Because there are other options available that might be better? Personally I'd chose Clojure for anything I have a choice with. Cargo culting a language like that does no one any favors.
I dunno, HTTP works pretty well for me as a transport layer to communicate with clients. Otherwise Websockets. Not sure why you'd think that be a difficult thing?
> Not sure why you'd think that be a difficult thing?
You aren't suggesting to handwrite an HTTP API client, right? You would have to set up either OpenAPI which is a mess, or GraphQL which is also a mess. LMK if you have a better solution.
What exactly is the problem you're encountering when trying to interact with HTTP APIs? If you really want to use OpenAPI for whatever reason, there are plenty of ways of doing that even in Clojure/Java, so I'm sure it's possible in other languages as well. But it's not like using OpenAPI or GraphQL are the only two options, if you're of that opinion I'm afraid you've drank way too much of the koolaid.
> when using HTTP APIs, there is nothing that automatically generates bindings.
Is that really the biggest problem you face when programming? How many endpoints do you have? Even with projects with ~30 endpoints, it doesn't seem problematic to me, but maybe people regularly work on projects with 100s of endpoints, then it kind of makes sense. But I'm not sure that's typical enough.
> No, I don't. But people use OpenAPI to avoid having to handwrite an HTTP client. This is especially relevant if you are developing a public API.
People do a lot of stuff for a lot of nonsense reasons, doesn't mean that's the best way to approach things. The JS/TS ecosystem seems extra easy to fall into cargo culting too.
Yes, you have to waste time handwriting it and making sure that you actually wrote a proper binding. Then you also probably need to deal with API versioning. All of this goes away with server actions.
"Vibe coding" as a concept is a fun joke, not a workflow you employ for doing serious engineering. It was a tiny experiment that somehow people thought was a suggested way of developing software, which obviously it isn't. Read the code yourself, otherwise it'll be really hard to call yourself any sort of engineer.
> Well I guess making Next.js apps isn't really "serious engineering"
Where did I say that?
> I do read the code but I barely write any code by hand.
Right, so you use the words "vibe coding" yet you don't actually understand the concept? A lot of things make sense now. The description "vibe coding" is explicitly about "programming" with a LLM without reading or writing any code at all, for any purpose.

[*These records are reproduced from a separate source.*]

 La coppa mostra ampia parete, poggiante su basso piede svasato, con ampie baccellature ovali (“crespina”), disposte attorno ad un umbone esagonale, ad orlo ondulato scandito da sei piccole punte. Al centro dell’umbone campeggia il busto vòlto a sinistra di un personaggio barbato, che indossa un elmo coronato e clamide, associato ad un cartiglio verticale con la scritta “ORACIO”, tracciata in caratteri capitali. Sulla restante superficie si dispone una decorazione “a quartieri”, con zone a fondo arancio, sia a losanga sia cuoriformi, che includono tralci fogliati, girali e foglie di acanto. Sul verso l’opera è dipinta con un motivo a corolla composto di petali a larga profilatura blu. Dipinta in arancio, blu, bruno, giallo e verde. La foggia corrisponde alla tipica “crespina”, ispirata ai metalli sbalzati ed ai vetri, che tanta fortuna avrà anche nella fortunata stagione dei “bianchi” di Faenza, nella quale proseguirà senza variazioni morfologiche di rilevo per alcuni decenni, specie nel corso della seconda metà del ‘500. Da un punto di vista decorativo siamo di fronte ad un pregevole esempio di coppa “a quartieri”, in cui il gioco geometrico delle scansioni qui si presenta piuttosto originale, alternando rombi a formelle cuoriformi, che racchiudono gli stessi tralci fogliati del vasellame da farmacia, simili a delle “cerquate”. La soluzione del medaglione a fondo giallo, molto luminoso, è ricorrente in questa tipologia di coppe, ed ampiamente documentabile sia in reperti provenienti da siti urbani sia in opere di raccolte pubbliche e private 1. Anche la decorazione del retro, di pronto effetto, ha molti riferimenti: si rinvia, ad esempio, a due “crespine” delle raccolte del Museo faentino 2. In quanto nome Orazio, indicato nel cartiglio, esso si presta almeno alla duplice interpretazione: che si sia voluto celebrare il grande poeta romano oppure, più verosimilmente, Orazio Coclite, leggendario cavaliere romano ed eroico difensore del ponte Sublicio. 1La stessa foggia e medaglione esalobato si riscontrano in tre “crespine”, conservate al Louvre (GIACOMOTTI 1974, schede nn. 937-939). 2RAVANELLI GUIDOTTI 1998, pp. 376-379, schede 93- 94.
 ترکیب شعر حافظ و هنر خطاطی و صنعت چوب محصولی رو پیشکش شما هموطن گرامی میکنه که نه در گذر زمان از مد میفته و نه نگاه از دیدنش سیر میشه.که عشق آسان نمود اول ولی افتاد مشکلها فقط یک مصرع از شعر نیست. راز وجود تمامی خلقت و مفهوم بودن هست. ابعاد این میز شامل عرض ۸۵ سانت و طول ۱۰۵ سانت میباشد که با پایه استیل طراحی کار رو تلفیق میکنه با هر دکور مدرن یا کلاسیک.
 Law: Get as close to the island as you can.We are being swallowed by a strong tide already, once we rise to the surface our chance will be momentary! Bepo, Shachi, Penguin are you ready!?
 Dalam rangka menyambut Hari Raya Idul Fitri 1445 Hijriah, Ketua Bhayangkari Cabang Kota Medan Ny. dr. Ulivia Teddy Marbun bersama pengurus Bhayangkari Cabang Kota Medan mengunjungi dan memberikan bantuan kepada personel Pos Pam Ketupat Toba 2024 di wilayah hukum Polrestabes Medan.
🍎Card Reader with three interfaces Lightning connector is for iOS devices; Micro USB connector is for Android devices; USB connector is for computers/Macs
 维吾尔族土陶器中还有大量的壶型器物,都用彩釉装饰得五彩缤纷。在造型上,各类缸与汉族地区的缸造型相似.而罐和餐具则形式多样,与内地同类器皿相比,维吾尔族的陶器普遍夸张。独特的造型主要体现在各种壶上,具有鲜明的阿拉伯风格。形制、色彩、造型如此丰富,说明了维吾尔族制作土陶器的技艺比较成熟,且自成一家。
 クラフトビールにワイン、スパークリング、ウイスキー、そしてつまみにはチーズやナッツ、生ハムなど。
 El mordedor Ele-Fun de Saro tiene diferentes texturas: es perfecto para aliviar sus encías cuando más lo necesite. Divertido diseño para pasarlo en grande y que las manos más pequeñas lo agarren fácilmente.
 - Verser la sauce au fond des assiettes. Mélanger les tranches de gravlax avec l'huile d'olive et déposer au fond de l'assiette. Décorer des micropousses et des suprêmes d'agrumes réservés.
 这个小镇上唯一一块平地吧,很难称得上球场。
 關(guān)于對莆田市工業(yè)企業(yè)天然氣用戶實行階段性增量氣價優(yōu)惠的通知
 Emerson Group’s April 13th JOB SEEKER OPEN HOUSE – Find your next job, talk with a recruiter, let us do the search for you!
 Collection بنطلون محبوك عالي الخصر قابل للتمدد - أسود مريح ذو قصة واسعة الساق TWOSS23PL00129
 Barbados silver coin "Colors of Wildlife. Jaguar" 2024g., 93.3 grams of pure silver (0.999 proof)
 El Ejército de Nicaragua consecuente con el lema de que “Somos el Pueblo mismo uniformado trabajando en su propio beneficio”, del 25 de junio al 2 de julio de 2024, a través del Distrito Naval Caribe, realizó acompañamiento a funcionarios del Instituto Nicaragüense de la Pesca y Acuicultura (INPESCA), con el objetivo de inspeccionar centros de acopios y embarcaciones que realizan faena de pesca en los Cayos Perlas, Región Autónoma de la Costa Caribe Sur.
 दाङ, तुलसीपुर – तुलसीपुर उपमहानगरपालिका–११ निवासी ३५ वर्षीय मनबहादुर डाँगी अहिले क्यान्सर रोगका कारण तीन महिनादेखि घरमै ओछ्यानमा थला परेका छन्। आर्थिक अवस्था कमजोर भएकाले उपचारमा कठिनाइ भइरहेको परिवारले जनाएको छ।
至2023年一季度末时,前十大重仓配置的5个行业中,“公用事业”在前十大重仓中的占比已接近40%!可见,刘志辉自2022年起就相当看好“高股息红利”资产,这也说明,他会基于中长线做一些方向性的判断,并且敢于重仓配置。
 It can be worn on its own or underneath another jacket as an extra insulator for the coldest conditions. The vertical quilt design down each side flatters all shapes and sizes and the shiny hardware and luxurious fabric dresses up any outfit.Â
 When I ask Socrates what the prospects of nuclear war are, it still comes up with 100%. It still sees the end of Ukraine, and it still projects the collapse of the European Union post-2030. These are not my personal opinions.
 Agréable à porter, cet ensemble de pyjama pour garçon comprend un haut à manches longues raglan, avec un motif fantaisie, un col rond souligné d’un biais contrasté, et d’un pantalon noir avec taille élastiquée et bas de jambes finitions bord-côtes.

If you read the code, you're not really vibe coding as originally described by Karpathy.
You replied to a comment that says "Yep, Next.js has the best support for vibe coding."
> Right, so you use the words "vibe coding" yet you don't actually understand the concept? A lot of things make sense now.
You can stop arguing that if one glances at the code one is no longer vibe coding, because in practice by looking at the code or even the LLM's thoughts you can catch things you don't want early.
Use another language where async isn't painful then? Since it's the backend, you have 100% control over what stack to chose, unless some other requirement gets in the way. And no, async isn't "the default" in at least JavaScript, not sure where you'd get that from.
It is the default in a sense that most libraries and increasingly many stdlib functions and even core language features require it. E.g. dynamic import() is async-only.
The whole selling point for me was that deno was node without the bullshit and baggage, but they dropped that and basically just turned it into node with built in typescript support and a few other minor things like the permissions.
Similar story with bun.sh - node backwards compatibility (although not using V8).
Does anyone know of a server-side typescript scripting engine that is not trying to be backwards compatible with node?